Lincoln fought the Civil War not to end slavery but to preserve The Union. He felt there was no alternative to total victory. He resisted the urge to pursue secondary issues, such as slavery, because the primary reason was so compelling. If the Union were not preserved, slavery in the South might never have ended. Lincoln had a laser like focus. (About Lincoln, I will have more to say in the future.)

I am coming to believe that indeed the MidEast does have to be changed. I am coming to believe, assuming I have the administration's real rationale right, that we have to finish the job we have started. For that matter, having started it, I do not think we have any choice other than to finish it. To not do so could plunge us into decades of bloody conflict with the very ideology that brought us that atrocity on that bright sunny day in September 2001.


Your Co-Conspirator,
ARC: MontereyJohn

Comments (3)
St Wendeler said...

MontereyJohn - Nice post... and I'm glad that you come around to Bush's point on transforming the middle east.
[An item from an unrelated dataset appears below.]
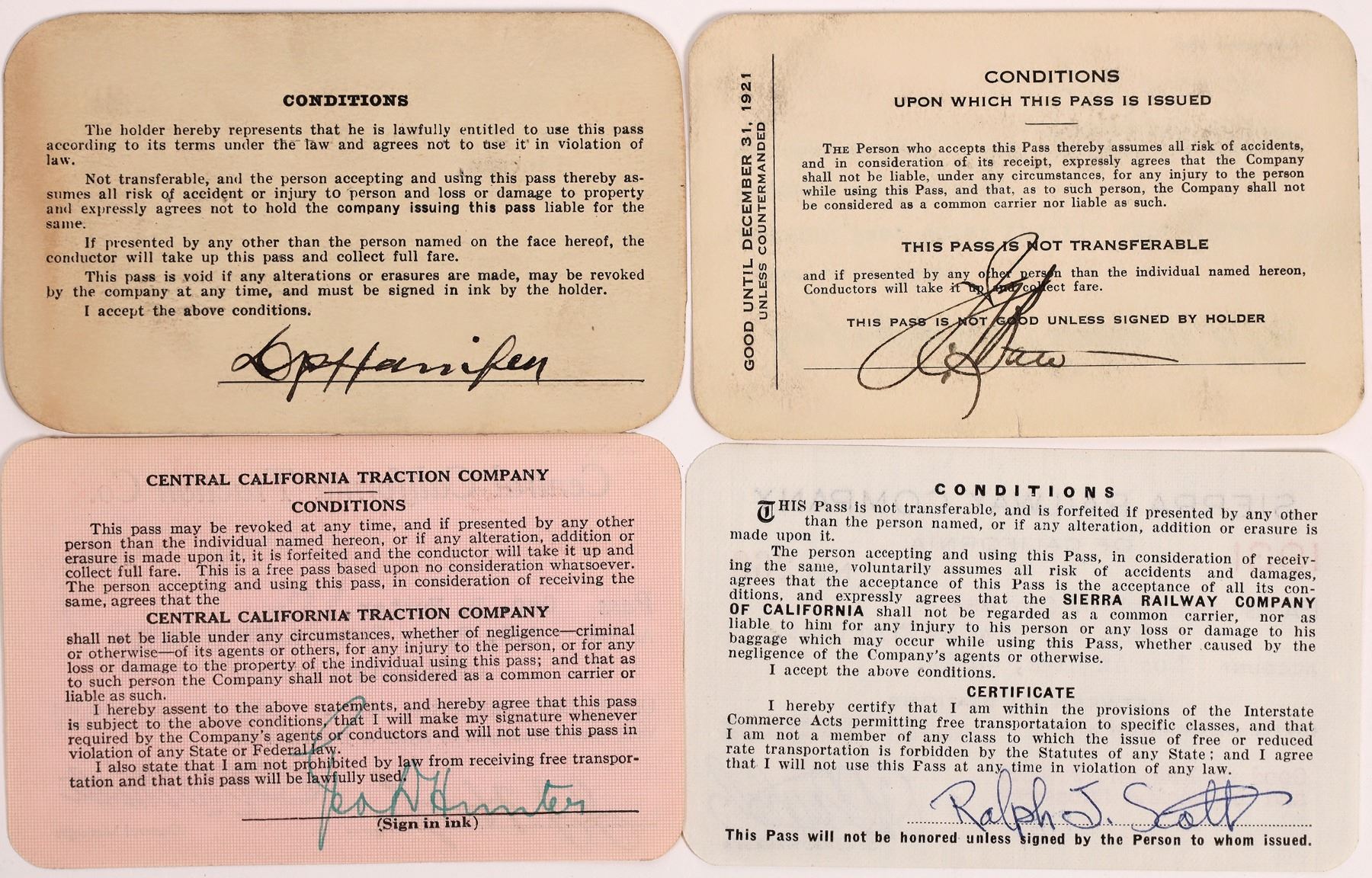 Lot of four railroad passes from Central California: 1) 1920 Inland Empire Railroad Company No. 284, issued to Mr. D. P. Hanifen; 2) 1921 San Joaquin and Eastern R. R. Co., No. 225 issued to J. T. Bate; 3) 1930 Central California Traction Co., No. 204, Geo. D. Hunter; 4) 1931 Sierra Railway Company of California No. 260 issued to Ralph J. Scott. State:California City: Date: Provenance:

And we certainly can't allow Islamofascism to flourish by leaving prematurely...

However, I don't think you should buy into the assertion that WMDs were the only rationale put forward during the lengthy run-up to the war. In fact, the 1998 resolution which made official US policy regime change relied on more than just WMDs.

If you read the speeches and the Iraq War resolution (not the snippets and soundbites of the speeches and the resolution), you'll find out that transformation of the Middle East and democracy in Iraq has been publicly discussed for quite some time.
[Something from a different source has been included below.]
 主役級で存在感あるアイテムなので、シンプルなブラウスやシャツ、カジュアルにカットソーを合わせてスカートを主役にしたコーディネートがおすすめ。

And regarding Lincoln and the Civil War, it should be noted that there were issues other than slavery which prompted the outbreak of hostilities. While the primary cause (and perhaps most immediate one) was slavery, there were other factors.
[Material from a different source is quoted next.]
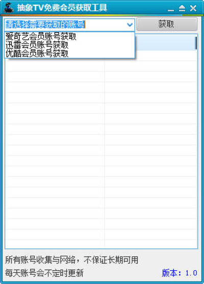 可支持获取爱奇艺会员帐号、迅雷会员帐号、优酷会员帐号

But back to the War On Terror... After 9/11, we made a decision to transform the Middle East. The War on Terror sought to remove regimes that harbor terrorists... in some cases, overt military action would be required... in other cases, covert military ops... in still others, cooperation with the governments and/or a call to Liberty with the oppressed peoples would be the action taken.

But when those planes flew into the World Trade Center, I knew that Saddam's days in this world were limited. Not because I suspected he was directly implicated in the attacks - no, because we had been at war with him since 1991 and we could no longer allow the status quo to continue in the Middle East.

In some regards, I am an isolationist conservative/libertarian. I don't think we had any business doing the heavy lifting on behalf of the Europeans in Kosovo. But, once we engaged, my only criticism was that we were too afraid to commit our military might in total - instead relying on releasing bombs at 50,000 feet.

After 9/11 however, it became quite clear that the Middle East had to change. As Mark Steyn pointed out, the Middle East hasn't just been ignored by the 20th and 21st century... it's been ignored for thousands of years. The problems with the Middle East date back to Darius and the Pharoahs. So, given the short time that we've been there, I think we've made great progress. That Lebanon is a burgeoning democracy, Syria appears to be weakaned, Afghanistan is joining the world community... these are all good things. And 20 years from now, Iraq may just surprise you.

However, the only thing we have to fear is our panty-waisted brethren on the Left side of the aisle. They'll stop at nothing to see Bush and the most evil country in the world (Amerika) taken down...

Regards,
St Wendeler

St Wendeler said...

I should have said "I have had isolationist sentiments in the past.."

I also think that a strong US should have a sphere of influence in the Western Hemisphere... and in interventions where our national security interest is at stake. And transforming the Middle East is unquestionably about our national securiy - regardless of what the kossacks claim.

Monterey John said...

Not to pick nits, but I specifically said slavery was not the cause of the civil war, dis-union was. That was the one thing upon which there could be no compromise. And, in the end, there was no compromise.

As a result of taking that position, the nation is what it is today.